Prior to the Trump administration and Sessions’ decision, survivors of domestic violence had a lesser threshold to overcome and their cases often prevailed when they proved that their countries lack the resources or willingness to offer them protection from their abusers, experts say.
“Now people are not even afforded that level of process and are just being tossed away,” said Margaret Cargioli, an attorney with the Immigrant Defenders Law Center, a social justice law firm in California.
While experts argue the Sessions ruling has created an additional hurdle for domestic violence victims, it did not rule out protection completely, as these cases are decided on a case-by-case basis by immigration court judges.
Court data does not record the grounds for asylum claims, making it difficult to get a quantifiable sense of how these policies have impacted immigration court rulings on domestic violence cases.
Amid the pandemic and the recent surge of migrants at the border, Biden has continued one of the most controversial Trump policies, known as Title 42, which indefinitely closed the border to “nonessential” travel, citing emergency health concerns due to the pandemic.
While technically migrants at the southern border can still seek protection under U.S. law, the order has translated into approximately 700,000 rapid expulsions — including families and unaccompanied minors — since March of last year, without due process or access to asylum, according to immigration advocacy groups and experts.
Cargioli said the current restrictions are doing more harm than good.
“If Title 42 has to do with health safety, how can a system that is purported to save lives, instead put them in peril?” she asked. “It is illogical.”
Only a small number have been allowed into the country for humanitarian reasons that can include health concerns or being at imminent harm or risk of torture, according to immigration advocates.

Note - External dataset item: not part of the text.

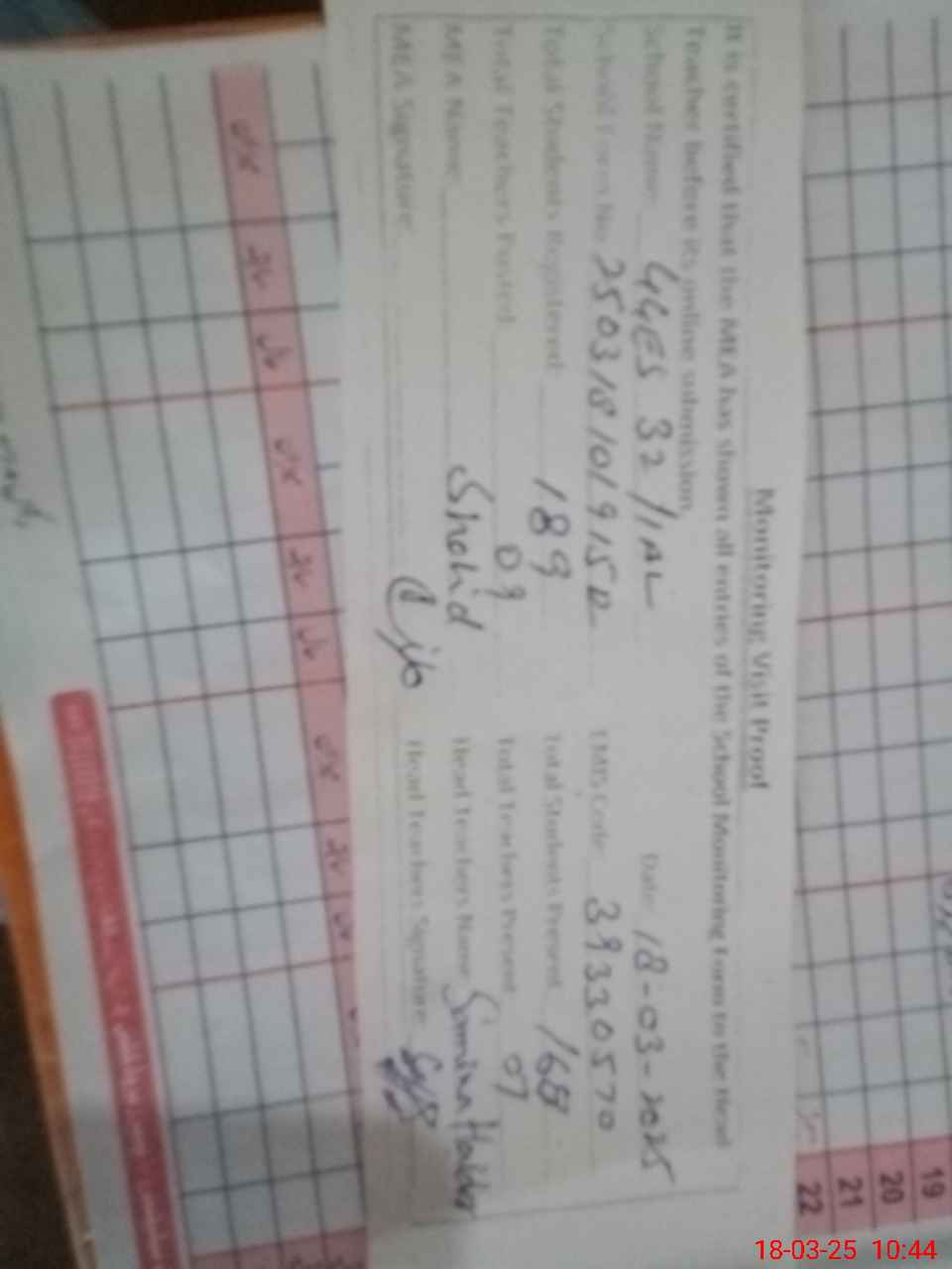 | Attendance Register | Head Teacher | MEA with School | Visit Proof |

Sitting in a hotel in San Diego, 19-year-old Rosie from Honduras remembered the many failed attempts to escape her ex-boyfriend’s house, where he would keep her captive, rape her and forced her to cut any contact with her family or friends, she told The Post in a recent interview.

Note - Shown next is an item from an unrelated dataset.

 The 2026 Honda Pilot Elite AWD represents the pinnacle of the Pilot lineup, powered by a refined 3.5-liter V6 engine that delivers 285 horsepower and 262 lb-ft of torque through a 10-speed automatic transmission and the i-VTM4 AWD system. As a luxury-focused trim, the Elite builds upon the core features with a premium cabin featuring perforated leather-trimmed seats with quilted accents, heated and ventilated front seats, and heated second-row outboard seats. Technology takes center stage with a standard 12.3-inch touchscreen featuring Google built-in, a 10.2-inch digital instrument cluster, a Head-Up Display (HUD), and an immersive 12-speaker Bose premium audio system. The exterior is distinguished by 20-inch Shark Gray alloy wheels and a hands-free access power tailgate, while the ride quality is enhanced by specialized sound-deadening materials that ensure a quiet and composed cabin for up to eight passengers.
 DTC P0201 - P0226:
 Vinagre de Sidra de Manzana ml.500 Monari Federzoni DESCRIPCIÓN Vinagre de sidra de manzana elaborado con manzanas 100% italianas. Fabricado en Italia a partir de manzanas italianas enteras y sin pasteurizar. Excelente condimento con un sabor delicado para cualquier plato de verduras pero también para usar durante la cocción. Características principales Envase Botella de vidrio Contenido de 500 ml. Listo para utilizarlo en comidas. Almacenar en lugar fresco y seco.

If she managed to sneak out of the house, he would drag her by her hair through the dirt roads back inside, she said.
The journey to the U.S. was traumatic: Rosie said she was sexually assaulted in Guatemala as she tried to make her way north.

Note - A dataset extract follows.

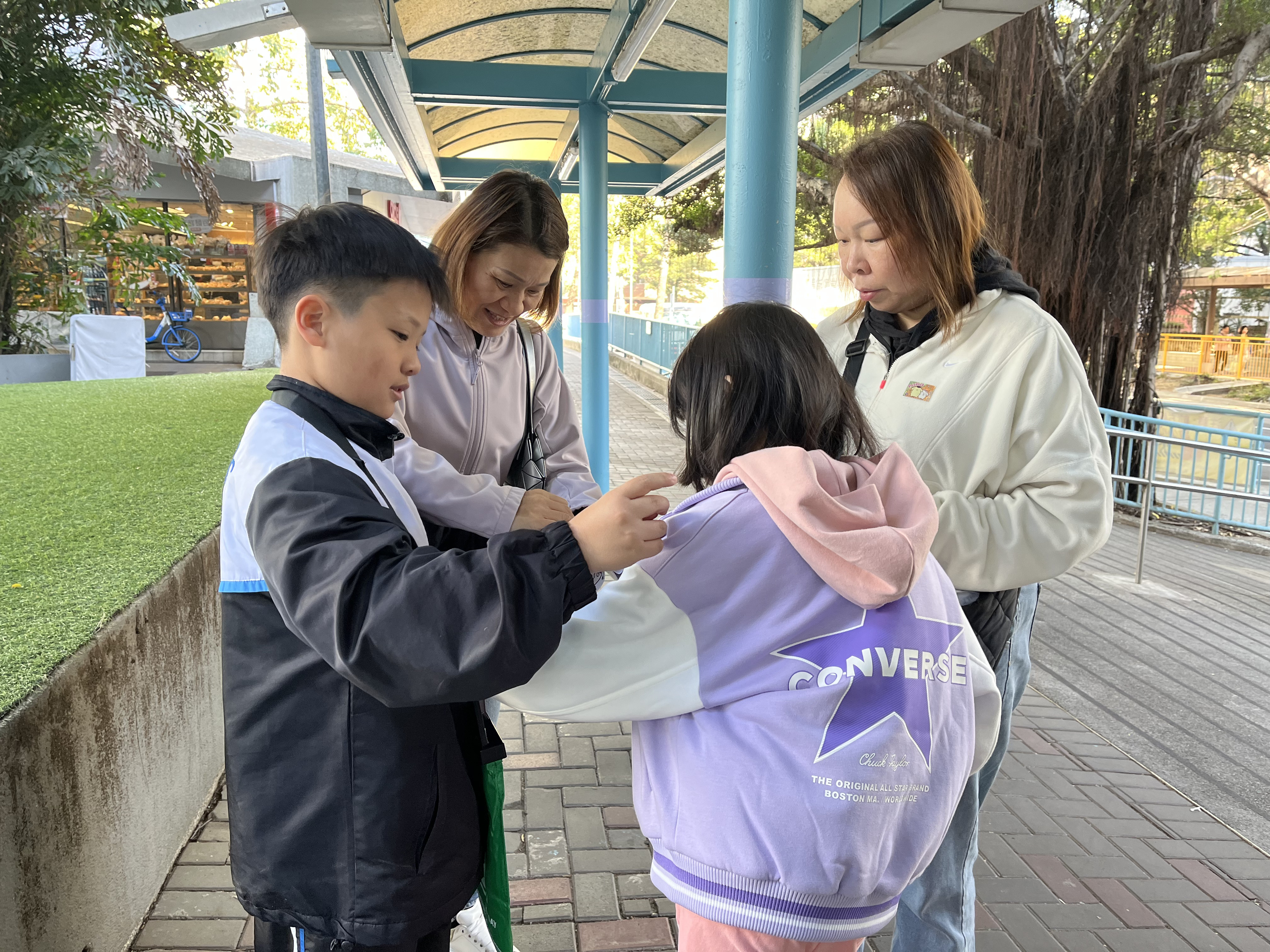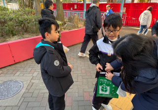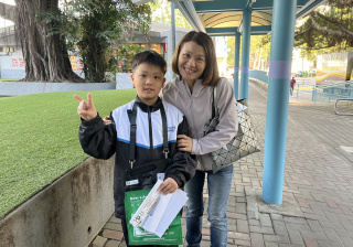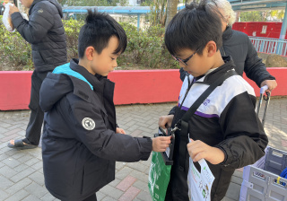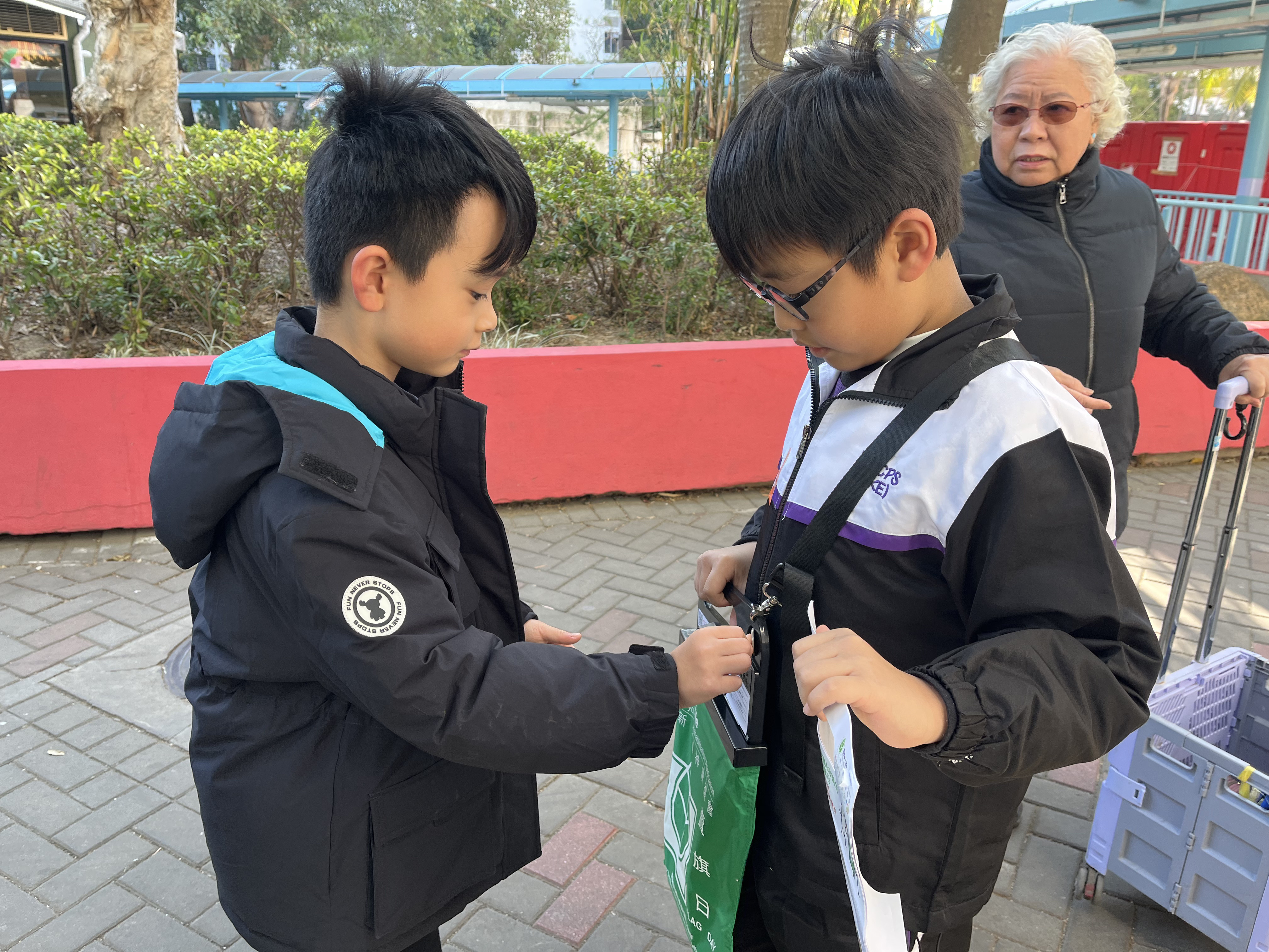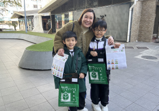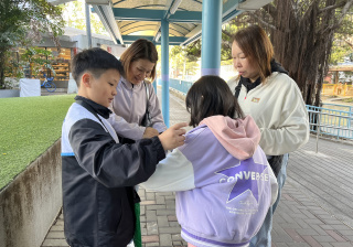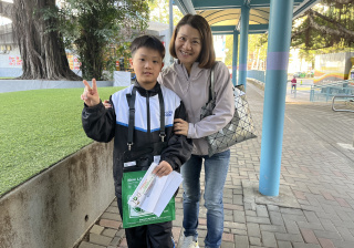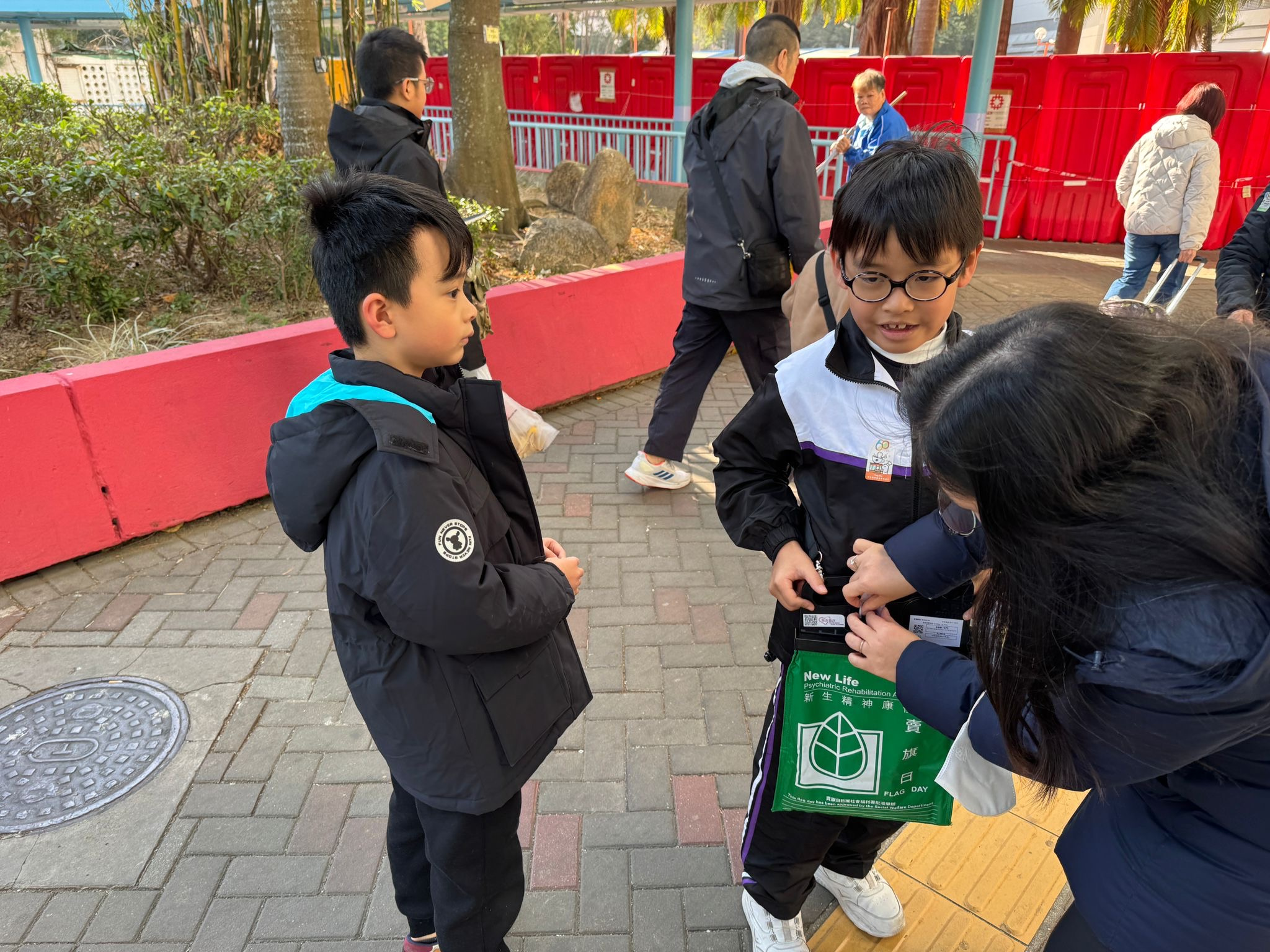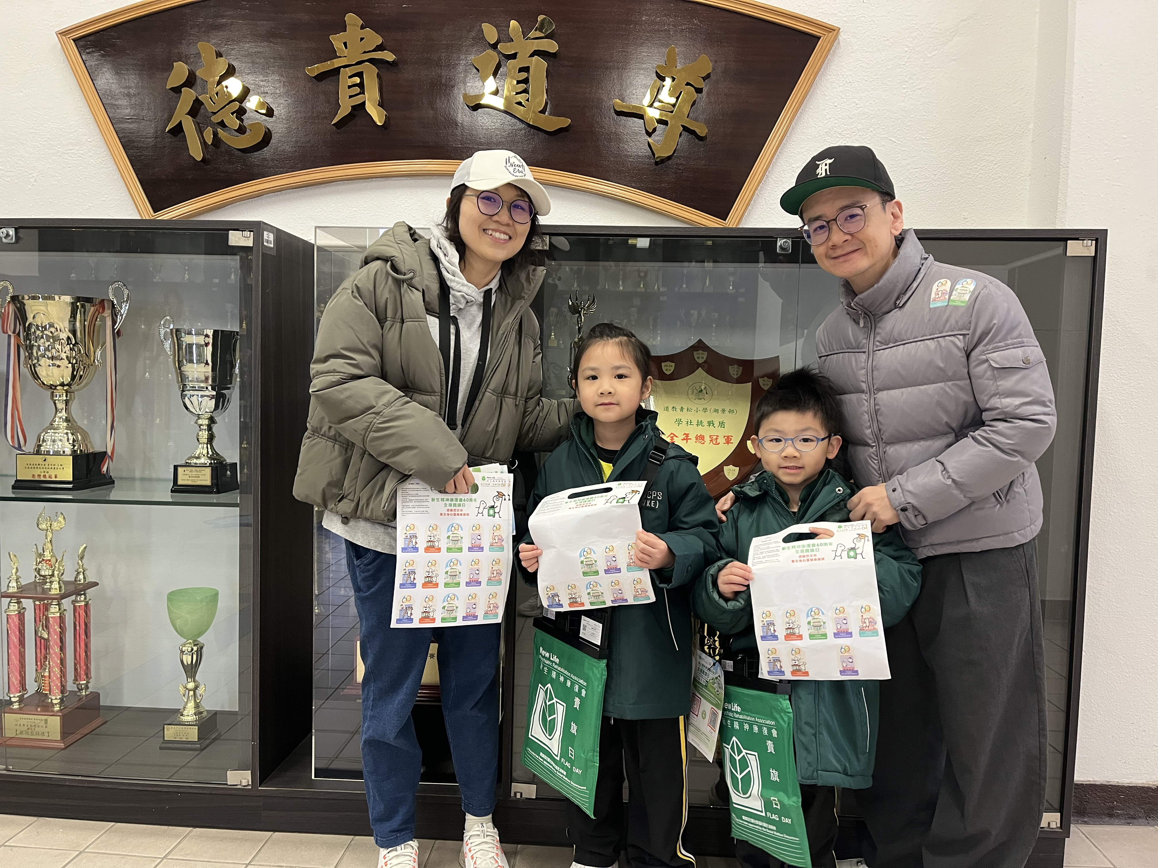 親子們身體力行,不怕寒冷的天氣,積極在屯門參與賣旗活動,受助機構「新生精神康復會」對家長及學生的熱心公益表示感謝。

More than two months after being apprehended at the border and deported to Mexico, she was temporarily allowed in on May 10 under a humanitarian parole, said Cargioli, who is representing her case.
Now in the U.S., she said she dreams of becoming a doctor.
“I felt I could breathe for a minute, and finally stop feeling scared all the time,” she said, sobbing.
She faces a potentially years-long wait for her case to be resolved and could still be denied protection, which keeps her awake at night.
Advocates say the vast majority of domestic violence victims arriving at the border have virtually no chance of gaining protection while restrictions are still in place.
Most end up staying in Mexico in cramped tent cities or shelters, some of them falling prey to organized crime groups or migrant smugglers. Others end up going back to the dangers they are trying to escape.
In Tijuana, María de Jesús anxiously waits to find out what will happen with her humanitarian parole request, which would allow to await her asylum process in Indiana, where her sister lives.
She can’t fathom going back to Guatemala, still traumatized by the ex-boyfriend who used to create fake Facebook profiles to get information of her whereabouts.
“For so long I thought violence was my destiny,” she said. “I just hope that I am wrong.”